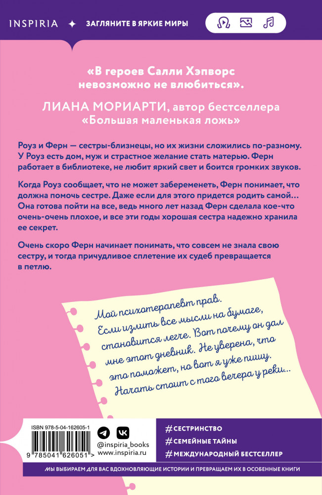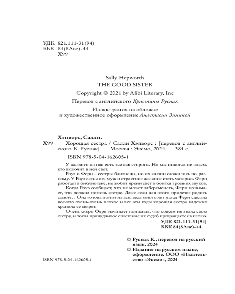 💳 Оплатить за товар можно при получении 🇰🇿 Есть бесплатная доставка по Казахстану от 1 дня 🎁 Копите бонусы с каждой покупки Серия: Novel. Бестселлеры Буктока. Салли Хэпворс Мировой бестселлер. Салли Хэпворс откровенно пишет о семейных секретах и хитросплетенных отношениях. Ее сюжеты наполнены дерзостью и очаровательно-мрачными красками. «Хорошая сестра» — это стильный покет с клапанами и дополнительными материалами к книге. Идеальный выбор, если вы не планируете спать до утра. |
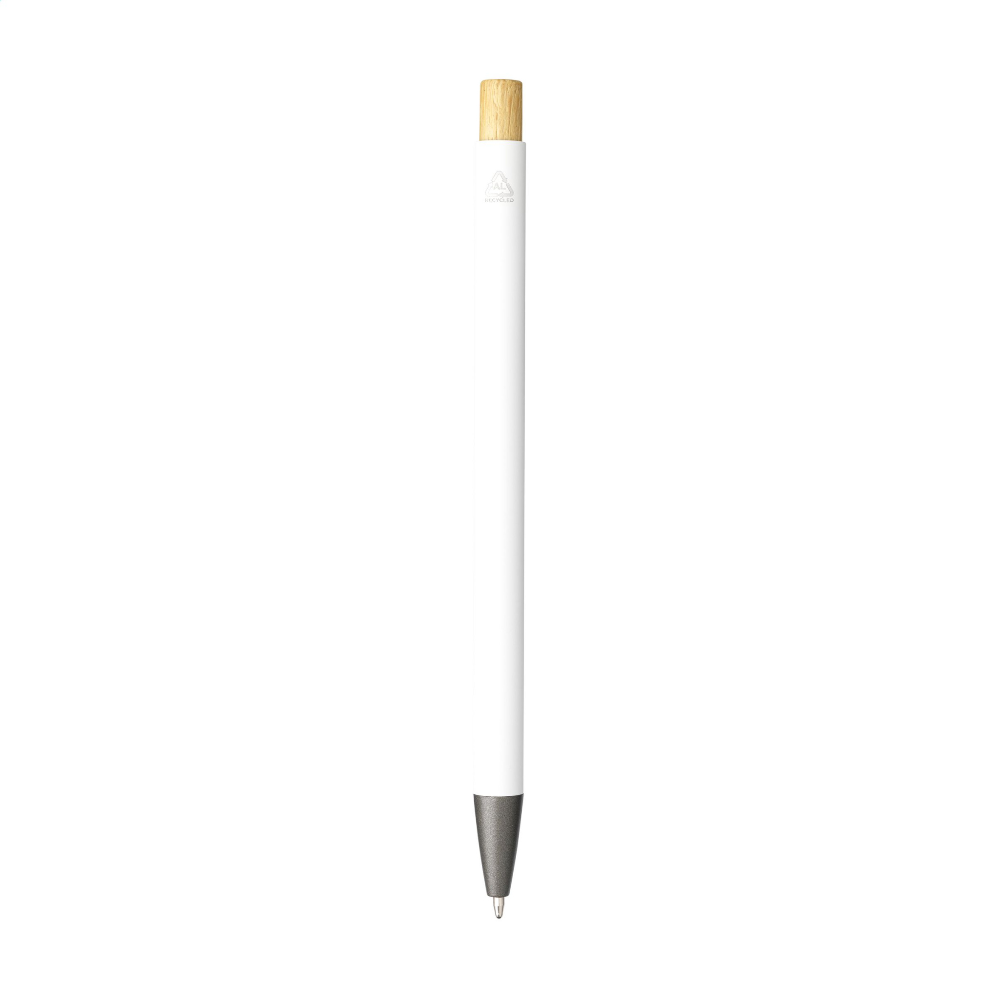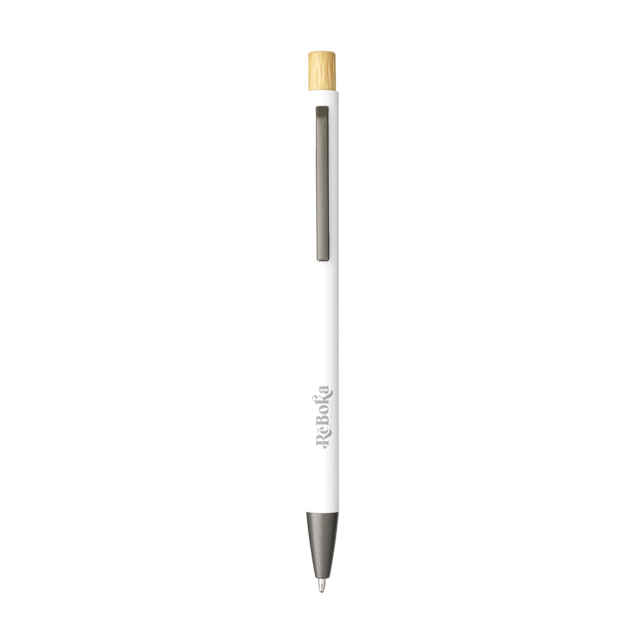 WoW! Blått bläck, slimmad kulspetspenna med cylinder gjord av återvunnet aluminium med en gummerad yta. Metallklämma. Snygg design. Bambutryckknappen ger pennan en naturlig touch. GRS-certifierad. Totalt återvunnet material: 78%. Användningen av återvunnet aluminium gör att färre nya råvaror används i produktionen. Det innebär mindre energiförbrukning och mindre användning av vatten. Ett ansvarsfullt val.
==
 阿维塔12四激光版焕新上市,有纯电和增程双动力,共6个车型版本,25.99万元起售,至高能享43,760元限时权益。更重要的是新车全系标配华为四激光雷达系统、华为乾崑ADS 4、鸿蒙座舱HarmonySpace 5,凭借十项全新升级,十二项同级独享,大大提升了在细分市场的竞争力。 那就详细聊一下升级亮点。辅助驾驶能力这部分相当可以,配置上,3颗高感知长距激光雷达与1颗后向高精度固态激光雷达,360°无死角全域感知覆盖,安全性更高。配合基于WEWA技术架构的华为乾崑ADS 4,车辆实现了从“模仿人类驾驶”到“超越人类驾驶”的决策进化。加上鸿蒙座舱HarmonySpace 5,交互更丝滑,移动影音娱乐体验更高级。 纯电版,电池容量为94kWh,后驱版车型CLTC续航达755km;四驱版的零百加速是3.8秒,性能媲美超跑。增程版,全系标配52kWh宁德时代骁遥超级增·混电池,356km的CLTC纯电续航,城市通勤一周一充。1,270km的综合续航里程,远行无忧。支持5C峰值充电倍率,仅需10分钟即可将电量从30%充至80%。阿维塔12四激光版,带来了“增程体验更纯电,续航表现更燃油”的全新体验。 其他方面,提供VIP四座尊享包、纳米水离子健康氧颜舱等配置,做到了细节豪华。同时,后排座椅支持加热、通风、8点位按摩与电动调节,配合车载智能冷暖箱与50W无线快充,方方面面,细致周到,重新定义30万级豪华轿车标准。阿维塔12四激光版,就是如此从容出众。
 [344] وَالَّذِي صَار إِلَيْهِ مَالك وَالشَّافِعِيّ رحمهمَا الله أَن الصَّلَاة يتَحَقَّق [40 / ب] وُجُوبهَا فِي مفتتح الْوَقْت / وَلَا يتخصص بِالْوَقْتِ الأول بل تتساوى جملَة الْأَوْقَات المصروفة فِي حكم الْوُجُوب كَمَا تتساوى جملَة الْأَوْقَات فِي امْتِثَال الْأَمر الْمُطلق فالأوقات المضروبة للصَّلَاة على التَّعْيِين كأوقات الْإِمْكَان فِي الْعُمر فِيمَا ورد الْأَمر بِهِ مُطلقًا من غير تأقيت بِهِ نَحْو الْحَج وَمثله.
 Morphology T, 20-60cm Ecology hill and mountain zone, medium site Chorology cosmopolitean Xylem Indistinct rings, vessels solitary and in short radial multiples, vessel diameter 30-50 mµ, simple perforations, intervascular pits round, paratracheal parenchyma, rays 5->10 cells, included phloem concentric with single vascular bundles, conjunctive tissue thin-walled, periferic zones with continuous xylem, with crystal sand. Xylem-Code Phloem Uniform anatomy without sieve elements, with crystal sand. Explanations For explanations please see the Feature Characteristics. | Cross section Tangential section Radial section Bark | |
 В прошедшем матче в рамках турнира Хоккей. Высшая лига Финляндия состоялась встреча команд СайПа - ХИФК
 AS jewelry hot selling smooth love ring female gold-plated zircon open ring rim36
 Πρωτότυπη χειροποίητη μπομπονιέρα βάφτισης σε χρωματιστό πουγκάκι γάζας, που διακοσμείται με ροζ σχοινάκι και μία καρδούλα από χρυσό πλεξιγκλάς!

### [WHAT YOU WILL DO]
Repeat exactly the lines of the listing above, from the one with "[344] وَالَّذِي صَار" down to the one with "Πρωτότυπη χειροποίητη μπομπονιέρα"; both of those lines belong in the range.

### [RESULT OF THIS TASK]
 [344] وَالَّذِي صَار إِلَيْهِ مَالك وَالشَّافِعِيّ رحمهمَا الله أَن الصَّلَاة يتَحَقَّق [40 / ب] وُجُوبهَا فِي مفتتح الْوَقْت / وَلَا يتخصص بِالْوَقْتِ الأول بل تتساوى جملَة الْأَوْقَات المصروفة فِي حكم الْوُجُوب كَمَا تتساوى جملَة الْأَوْقَات فِي امْتِثَال الْأَمر الْمُطلق فالأوقات المضروبة للصَّلَاة على التَّعْيِين كأوقات الْإِمْكَان فِي الْعُمر فِيمَا ورد الْأَمر بِهِ مُطلقًا من غير تأقيت بِهِ نَحْو الْحَج وَمثله.
 Morphology T, 20-60cm Ecology hill and mountain zone, medium site Chorology cosmopolitean Xylem Indistinct rings, vessels solitary and in short radial multiples, vessel diameter 30-50 mµ, simple perforations, intervascular pits round, paratracheal parenchyma, rays 5->10 cells, included phloem concentric with single vascular bundles, conjunctive tissue thin-walled, periferic zones with continuous xylem, with crystal sand. Xylem-Code Phloem Uniform anatomy without sieve elements, with crystal sand. Explanations For explanations please see the Feature Characteristics. | Cross section Tangential section Radial section Bark | |
 В прошедшем матче в рамках турнира Хоккей. Высшая лига Финляндия состоялась встреча команд СайПа - ХИФК
 AS jewelry hot selling smooth love ring female gold-plated zircon open ring rim36
 Πρωτότυπη χειροποίητη μπομπονιέρα βάφτισης σε χρωματιστό πουγκάκι γάζας, που διακοσμείται με ροζ σχοινάκι και μία καρδούλα από χρυσό πλεξιγκλάς!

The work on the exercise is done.